How to Build a Geospatial Data Pipeline with Web Scraping

#python #tutorial #webdev #programming

Web scraping geospatial data opens up powerful possibilities for mapping, logistics, and urban planning applications. In this guide, I'll show you how to build a complete pipeline that collects, processes, and stores location-based data.

Why Geospatial Data Matters

Location data powers everything from ride-sharing apps to real estate analytics. Public sources like OpenStreetMap, government portals, and business directories contain rich geospatial datasets — but they rarely offer clean API access.

Setting Up the Pipeline

First, install the dependencies:

pip install requests beautifulsoup4 geopandas shapely

Step 1: Scraping Location Data

Here's a scraper that collects business locations with coordinates:

import requests
from bs4 import BeautifulSoup
import json

def scrape_locations(city, category):
    # Use ScraperAPI to handle anti-bot protections
    api_url = "https://api.scraperapi.com"
    params = {
        "api_key": "YOUR_SCRAPERAPI_KEY",
        "url": f"https://example-directory.com/{city}/{category}",
        "render": "true"
    }

    response = requests.get(api_url, params=params)
    soup = BeautifulSoup(response.text, "html.parser")

    locations = []
    for listing in soup.select(".business-listing"):
        name = listing.select_one(".name").text.strip()
        lat = listing.get("data-lat")
        lng = listing.get("data-lng")
        address = listing.select_one(".address").text.strip()

        locations.append({
            "name": name,
            "latitude": float(lat),
            "longitude": float(lng),
            "address": address,
            "city": city,
            "category": category
        })

    return locations

data = scrape_locations("new-york", "restaurants")
print(f"Collected {len(data)} locations")

Step 2: Geocoding and Validation

Raw scraped coordinates often need validation.

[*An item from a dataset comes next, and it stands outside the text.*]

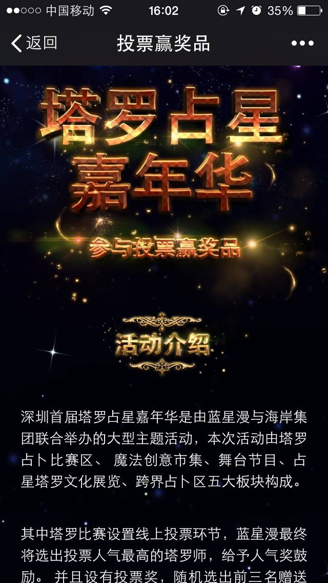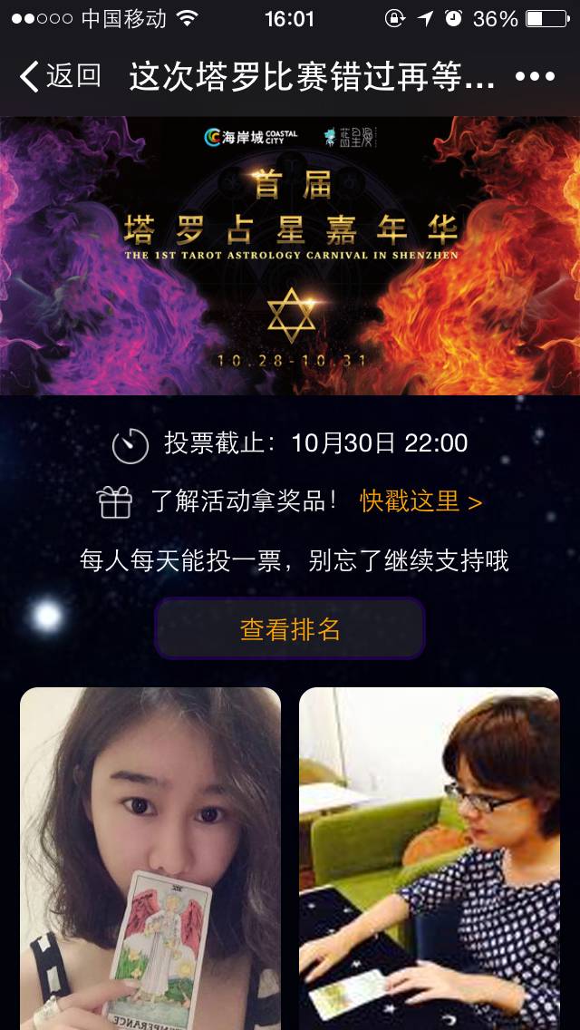 汇天下为海岸城开发定制一款“塔罗占星嘉年华”投票比赛

Use GeoPandas to clean the data:

import geopandas as gpd
from shapely.geometry import Point

def validate_coordinates(locations):
    valid = []
    for loc in locations:
        lat, lng = loc["latitude"], loc["longitude"]

        # Basic coordinate validation
        if -90 <= lat <= 90 and -180 <= lng <= 180:
            loc["geometry"] = Point(lng, lat)
            valid.append(loc)
        else:
            print(f"Invalid coords for {loc['name']}: {lat}, {lng}")

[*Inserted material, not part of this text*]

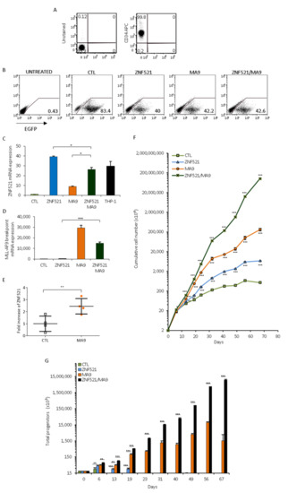 During cell culture expansion, the number of ZNF521-overexpressing cells significantly increased compared to the control; however, these cells did not immortalize and had a limited life span, and after 56 days, they ceased to grow (Figure 2F). Instead, enforced expression of the MLL-AF9 fusion protein was able to immortalize the human CB-CD34+ cells, conferring a strong proliferative advantage; in particular, MLL-AF9 expressing cells steadily increased in number beginning from the second week. Something noteworthy is that double transduction with ZNF521 and MLL-AF9 transgenes led to a further increase in the cumulative number of cells (382× more than MA9 alone); the transformed cell populations reproducibly continued to grow after 2 months in liquid cultures (Figure 2F).

    gdf = gpd.GeoDataFrame(valid, geometry="geometry", crs="EPSG:4326")
    return gdf

geo_data = validate_coordinates(data)
print(f"Valid locations: {len(geo_data)}")

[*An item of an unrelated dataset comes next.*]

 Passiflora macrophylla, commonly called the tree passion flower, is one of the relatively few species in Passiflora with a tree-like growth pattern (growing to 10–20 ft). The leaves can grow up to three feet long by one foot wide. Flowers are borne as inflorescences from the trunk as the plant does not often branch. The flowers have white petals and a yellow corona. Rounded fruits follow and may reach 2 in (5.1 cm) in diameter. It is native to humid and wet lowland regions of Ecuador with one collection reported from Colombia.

Step 3: Storage and Export

Store your geospatial data in formats that GIS tools understand:

def export_pipeline(gdf, output_name):
    # GeoJSON for web maps
    gdf.to_file(f"{output_name}.geojson", driver="GeoJSON")

    # Shapefile for desktop GIS
    gdf.to_file(f"{output_name}.shp")

    # CSV with WKT geometry for databases
    gdf_copy = gdf.copy()
    gdf_copy["wkt"] = gdf_copy.geometry.to_wkt()
    gdf_copy.drop(columns=["geometry"]).to_csv(f"{output_name}.csv", index=False)

    print(f"Exported {len(gdf)} records in 3 formats")

export_pipeline(geo_data, "nyc_restaurants")

Step 4: Scheduling Regular Updates

Use a simple scheduler to keep your pipeline fresh:

import schedule
import time

def daily_pipeline():
    cities = ["new-york", "los-angeles", "chicago"]
    categories = ["restaurants", "hotels", "retail"]

    for city in cities:
        for cat in categories:
            locations = scrape_locations(city, cat)
            gdf = validate_coordinates(locations)
            export_pipeline(gdf, f"{city}_{cat}")
            time.sleep(2)  # Respectful rate limiting

schedule.every().day.at("02:00").do(daily_pipeline)

while True:
    schedule.run_pending()
    time.sleep(60)

Scaling Tips

Use ScraperAPI to rotate proxies and handle JavaScript-rendered pages automatically
For high-volume residential proxies, ThorData provides reliable geo-targeted IPs
Monitor your scraping success rates with ScrapeOps dashboards

Conclusion

Building a geospatial data pipeline with web scraping gives you access to location intelligence that would cost thousands from commercial providers. Start small with one city and category, validate your coordinate quality, and scale from there.

The key is combining reliable scraping infrastructure with proper geospatial tooling — and always respecting the source websites' terms of service and rate limits.